> [Work instruction] An exact copy is needed of the lines from the one that contains "Description: The purpose" through the final line of the data below, with pictures left out.

> [Records provided]
- - - - - - -

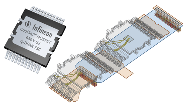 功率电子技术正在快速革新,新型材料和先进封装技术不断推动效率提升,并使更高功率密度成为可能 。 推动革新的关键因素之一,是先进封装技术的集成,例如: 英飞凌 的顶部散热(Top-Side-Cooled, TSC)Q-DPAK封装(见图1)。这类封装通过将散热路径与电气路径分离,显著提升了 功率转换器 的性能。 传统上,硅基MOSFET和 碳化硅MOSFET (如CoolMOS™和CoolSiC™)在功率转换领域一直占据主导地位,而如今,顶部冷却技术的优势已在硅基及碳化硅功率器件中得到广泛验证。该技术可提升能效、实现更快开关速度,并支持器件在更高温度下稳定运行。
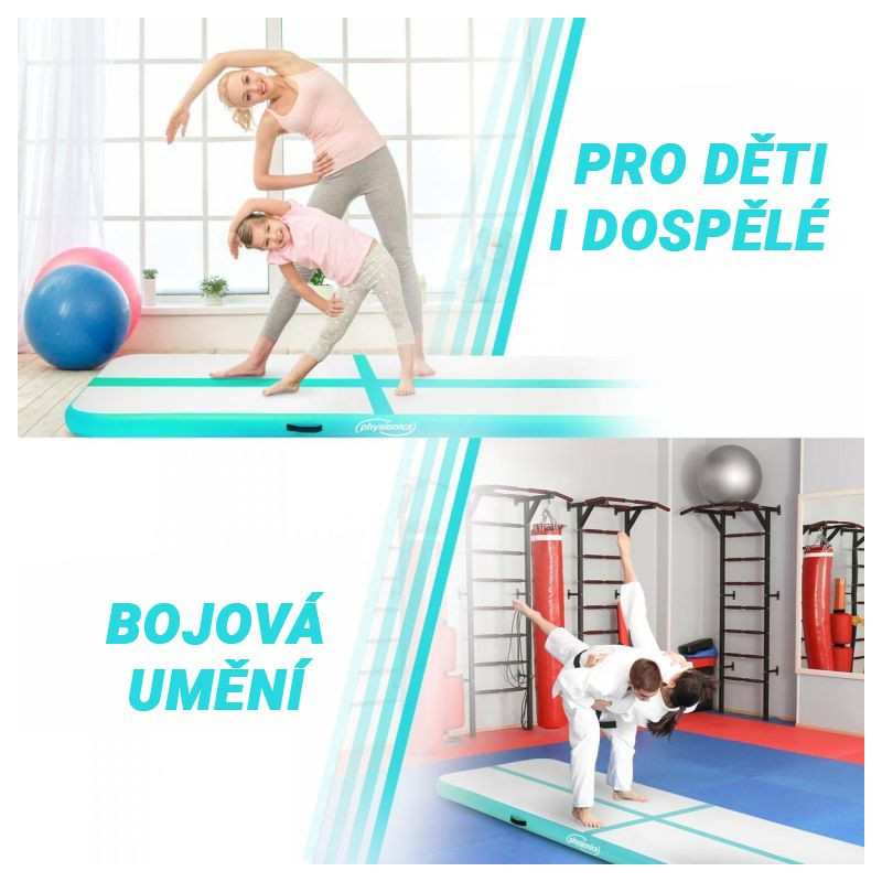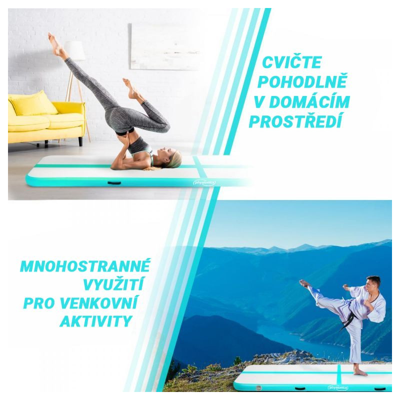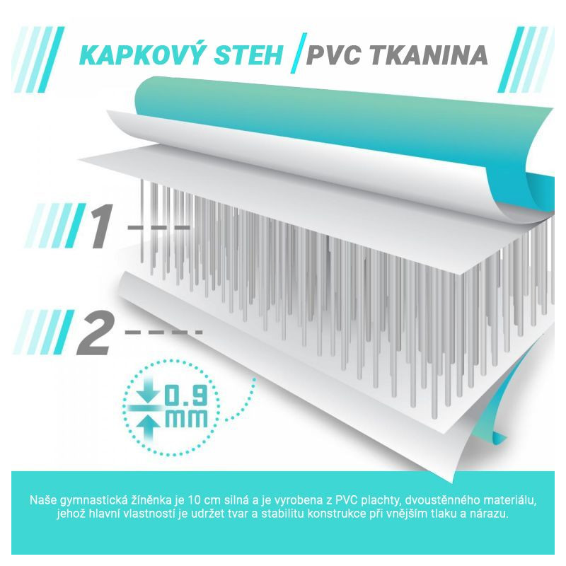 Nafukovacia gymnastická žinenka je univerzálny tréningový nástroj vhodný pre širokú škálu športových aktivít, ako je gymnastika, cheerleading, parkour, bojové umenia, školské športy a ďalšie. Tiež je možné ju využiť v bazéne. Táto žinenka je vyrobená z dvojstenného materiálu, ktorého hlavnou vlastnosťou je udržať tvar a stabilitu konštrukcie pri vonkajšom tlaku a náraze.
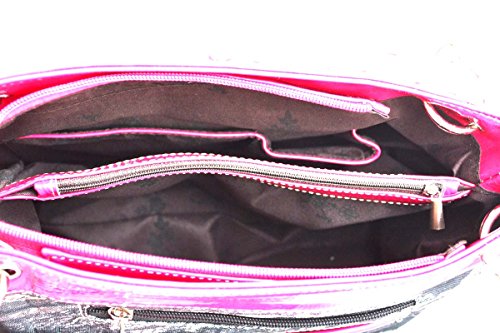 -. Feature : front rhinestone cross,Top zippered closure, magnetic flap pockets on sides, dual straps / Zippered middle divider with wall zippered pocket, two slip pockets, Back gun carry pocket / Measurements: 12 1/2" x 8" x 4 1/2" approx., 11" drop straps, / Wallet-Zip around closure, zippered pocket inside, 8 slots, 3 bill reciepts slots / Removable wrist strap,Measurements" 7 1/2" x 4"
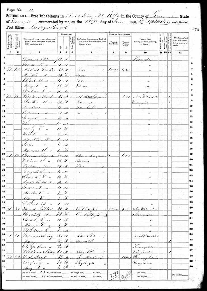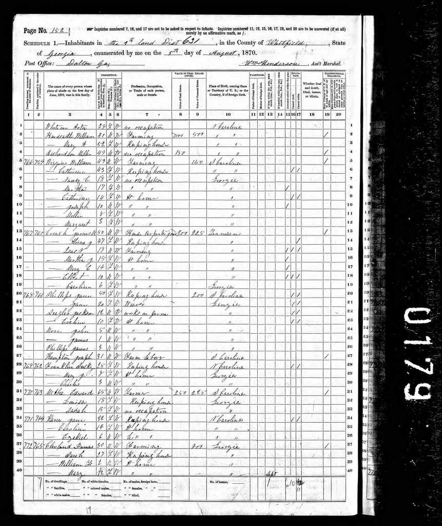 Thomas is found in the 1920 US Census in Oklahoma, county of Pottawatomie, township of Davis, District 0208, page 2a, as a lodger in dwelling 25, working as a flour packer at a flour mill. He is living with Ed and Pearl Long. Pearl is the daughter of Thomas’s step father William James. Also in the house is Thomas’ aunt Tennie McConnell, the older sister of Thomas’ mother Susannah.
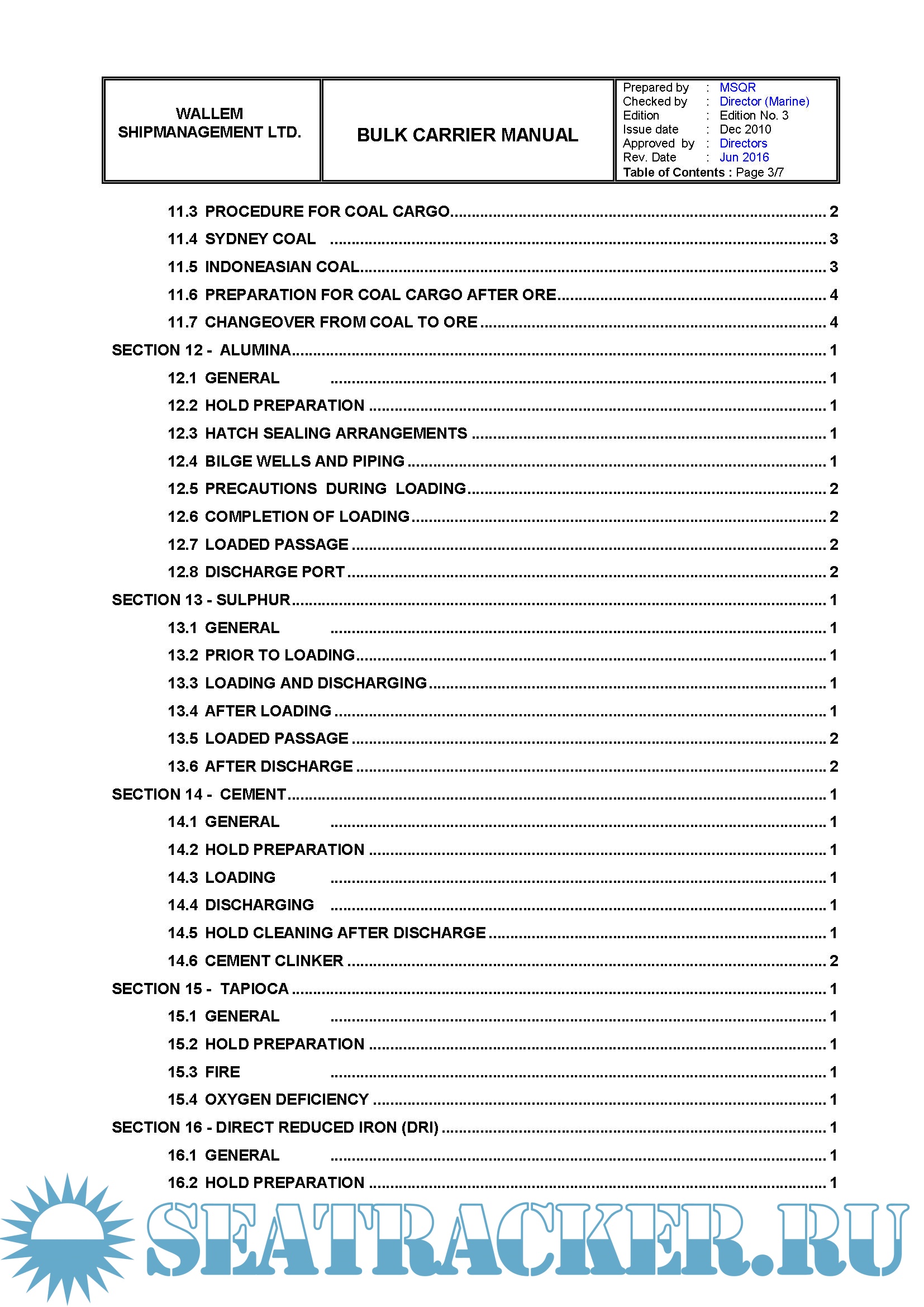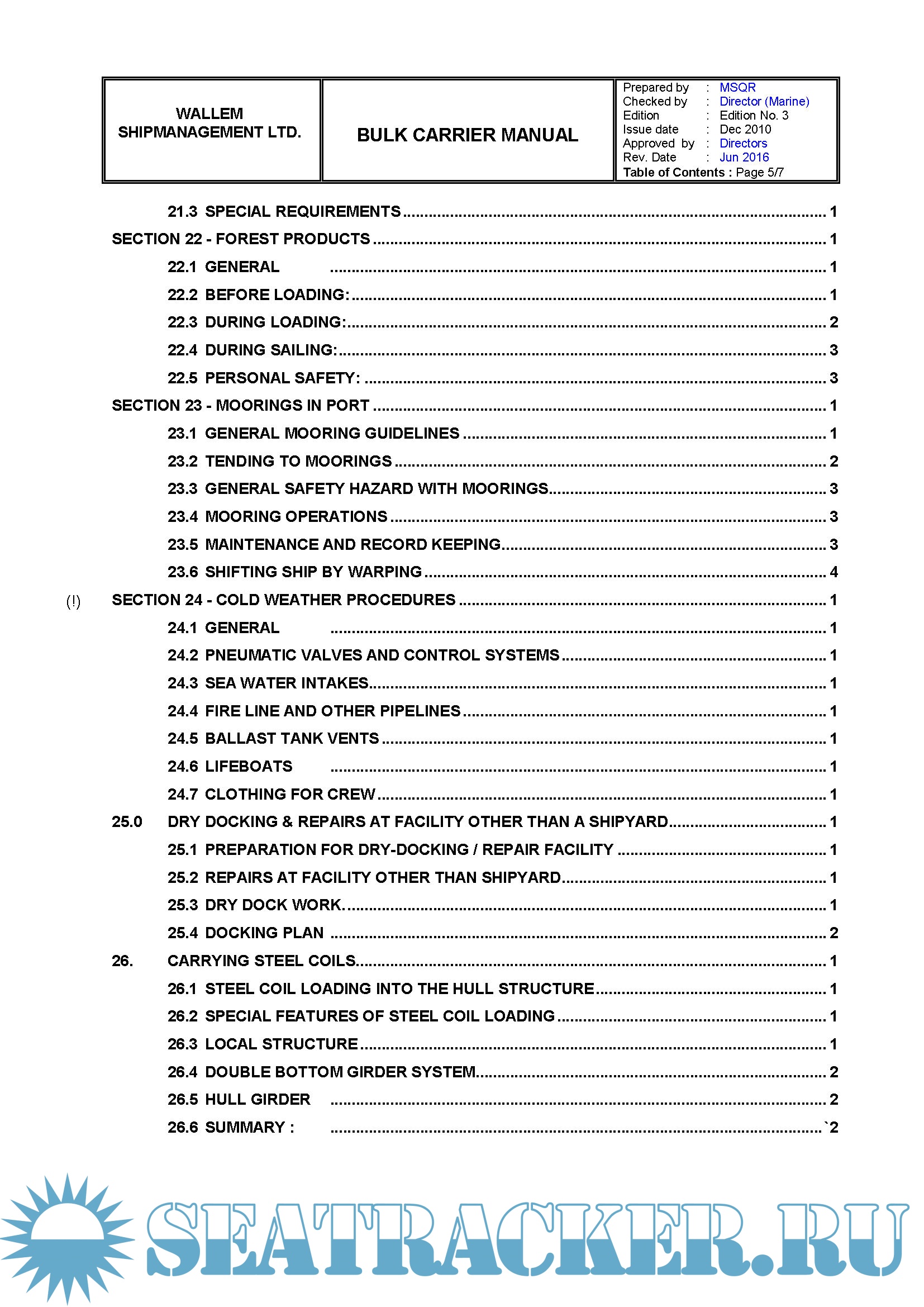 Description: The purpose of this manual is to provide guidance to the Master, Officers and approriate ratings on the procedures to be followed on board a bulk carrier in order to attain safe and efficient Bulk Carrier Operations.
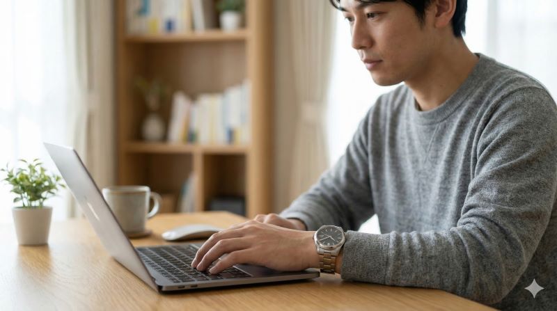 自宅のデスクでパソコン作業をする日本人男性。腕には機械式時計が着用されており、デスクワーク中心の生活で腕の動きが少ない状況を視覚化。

- - - - - - -

> [Answer to this exercise]
 Description: The purpose of this manual is to provide guidance to the Master, Officers and approriate ratings on the procedures to be followed on board a bulk carrier in order to attain safe and efficient Bulk Carrier Operations.
 自宅のデスクでパソコン作業をする日本人男性。腕には機械式時計が着用されており、デスクワーク中心の生活で腕の動きが少ない状況を視覚化。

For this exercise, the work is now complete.